Climate change, extreme events, pandemics, political instability, competing demands, and other shocks and stresses are impacting water systems around the world. These impacts are increasing in intensity, likelihood, and frequency. These unpredictable changes in the system are severely impacting the ability of organizations and communities to thrive. These changes will not only impact water quantity and quality but also the access to and provision of other water-related goods and services. These drivers have exposed the vulnerabilities of the entire water system and laid bare our global connections and inter-reliance.
There is an urgent need to address the impact of these challenges through developing resilient socio-economic, institutional, and biophysical systems, as the provision of goods and services from water systems are interconnected and influence energy, agriculture, healthcare, manufacturing, and other key sectors. Decision-makers require practical actions and strategies with the means to measure and monitor progress towards these goals. The key to thriving water-based economies, ecosystems, and societies under such shocks and changes is to collectively aim for water resilience.
Creating water resilience at the system level will require coordination, transparency, and alignment of common goals among all stakeholders: public, private, and civil society. A resilient basin is a pre-requisite for the collective resilience for all the stakeholders; however, basin water resilience is a necessary but not sufficient condition for individual stakeholder resilience. Additionally, a stakeholder can contribute to or detract from the overall resilience of a basin.
The project Water Resilience Assessment Framework (WRAF), launched in 2019 with core funding from BHP, aims to develop a practical framework to support building and monitoring resilience at all levels. The framework is developed through engagement with key stakeholders, building on their existing resilience-building efforts where available and developing shared understanding where divergence occurs, so that it can be applied by all water users, water managers, and decision-makers, in all water contexts, and at all water scales.
The project is designed in three phases: Phase I Landscape study (2019-2020), Phase II Development of the generic Framework and guidance documents for key sectors (2020-2022), Phase III Pilot testing, implementation and outreach (2023-onwards).
If you’d like to discuss in more detail how you and your organization can get involved or if you’d like to inquire about piloting this leading-edge tool at your company, please reach out to project coordinator Ashok Chapagain akchapagain@pacinst.org
If you’d like to discuss in more detail how you and your organization can get involved or if you’d like to inquire about piloting this leading-edge tool at your company, please reach out to project coordinator Ashok Chapagain (akchapagain@pacinst.org)
The guidance document for the utility sector is at the review stage of publication with an aim to publish by end of March 2023. The project team is looking for active collaboration opportunities to pilot the framework with utilities from diverse contexts ranging from small to medium, providing services in developed and developing nations, independently isolated utilities to connected multi-level utilities (wastewater treatment to drinking water suppliers) etc.
Guidance documents
Each sector-specific guidance document further aims to
- Identify and describe the existing institutional processes, frameworks and indicators, tools and models being used to monitor changes in water system conditions over time;
- support in identifying and monitoring drivers of change, develop scenarios, establish resiliency goals, use adaptive and scenario planning, make investment decisions, quantify and develop performance metrics, and incorporate stakeholder engagement into the adaptive planning process;
- highlight the value and limitations of trigger points and monitoring, and determine and provide examples of sector-specific best practices in resilience efforts.

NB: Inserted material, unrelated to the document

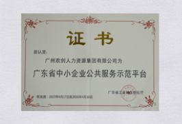 广东省中小企业公共服务示范平台证书
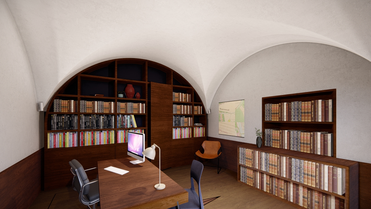 Návrh pojí historii s novými interiérovými zásahy. Vzniká jednotné prostředí, které propojují prvky teplého tmavého dřeva, světlých omítek v očištěných klenbách a kulatých rohů. Všemi místnostmi prochází dřevěné obložení stoupající do výšky parapetu, ze kterého vystupují truhlářské výrobky stolů, vestavěné police do nik a ostění pod okny a vytváří tak zvýšený sokl po obvodu všech místností. Do volného prostoru je jako solitér vložená zasedací místnost a plechové arbory pro práci s mapami.

The CEO Water Mandate, in partnership with the Alliance for Global Water Adaptation (AGWA), International Water Management Institute (IWMI), World Resources Institute (WRI), and Pacific Institute (PI), have embarked on a journey to develop a common framework to develop basin water resilience. Formally launched in 2019 with seed funding from BHP, the framework will be developed through engagement with key stakeholders, incorporating their common accounting practices where available and developing shared understanding where divergence occurs, so that it can be applied by all water users, water managers, and decision-makers, in all water contexts, and at all water scales. The project is designed in three phases: Phase I (Landscape study completed in early 2020), Phase II (Framework development and pilot testing, ongoing), and Phase III (Implementation and outreach), with stakeholder engagement continued in parallel throughout the life of the project.
The project aims the following key objectives:
- Develop a globally accepted, comprehensive generic framework (WRAF) to support building resilience and monitoring efforts at all levels for all stakeholders, including ecosystems and vulnerable communities;
- Develop sector-specific guidance documents to apply the WRAF for key sectors tailored to align and meet unique contexts e.g., corporates, utilities, and basin managers, planners, and authorities, etc.
- Develop supporting materials such as resilience indicators for the selected sectors, Resilience scoring tools, etc.
CEO Water Mandate, Alliance for Global Water Adaptation (AGWA), International Water Management Institute (IWMI), World Resources Institute (WRI), and Pacific Institute (PI)
The lead sponsor for this project is BHP, supported by CEO Water Mandate endorsing companies and the Swiss Development Corporation.